Interdisciplinarity is a type of academic collaboration in which specialists drawn from two or more academic disciplines work together in pursuit of common goals.

Interdisciplinary programs sometimes arise from a shared conviction that the traditional disciplines are unable or unwilling to address an important problem. For example, social science disciplines such as anthropology and sociology paid little attention to the social analysis of technology throughout most of the twentieth century. As a result, many social scientists with interests in technology have joined science and technology studies programs, which are typically staffed by scholars drawn from numerous disciplines (including anthropology, history, philosophy, sociology, and women's studies). They may also arise from new research developments, such as nanotechnology, which cannot be addressed without combining the approaches of two or more disciplines. Examples include quantum information processing, which amalgamates elements of quantum physics and computer science, and bioinformatics, which combines molecular biology with computer science.

Many scientists believe that the most pressing problems facing humanity, including the AIDS pandemic, global warming, and the loss of biodiversity, can be solved only by developing interdisciplinary approaches.
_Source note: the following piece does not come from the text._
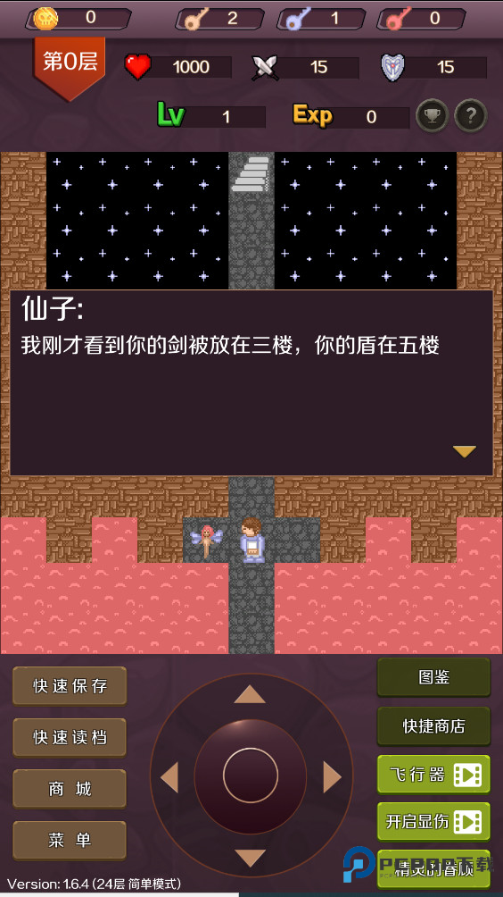 5、铁剑、盾:攻击、防御+10。铁剑在5楼,铁盾在9楼。

At another level, interdisciplinarity is seen as a remedy to the intellectually deadening effects of excessive specialization.

Varieties of Interdisciplinarity

There are varying types of inquiry that may be referred to as "interdisciplinary." In multidisciplinarity, researchers from two or more disciplines work together on a common problem, but without altering their disciplinary approaches or developing a common conceptual framework. This approach is related to the think tank model, where the objective is likely to be the solution of an immediate problem, rather than exploration of disciplinary perspectives. A less-recognized category is transdisciplinarity, in which one or more canonical standards of a discipline may be consciously defied for heuristic purposes. An example might be the use of mass lexical comparison in the Nostratic and Proto-World language projects, rather than the phonological correspondence rules typical of work in historical linguistics. Finally, there is "non-disciplinarity," which differs from dilettantism mainly in that it is a conscious and deliberate rather than ignorant disregard of the expectation that one should remain within the subject matter and methodology of a defined discipline; the approach may be taken by those working from a postmodern model of bricolage, and may proceed from subversive intent or from an ambition to pursue larger questions.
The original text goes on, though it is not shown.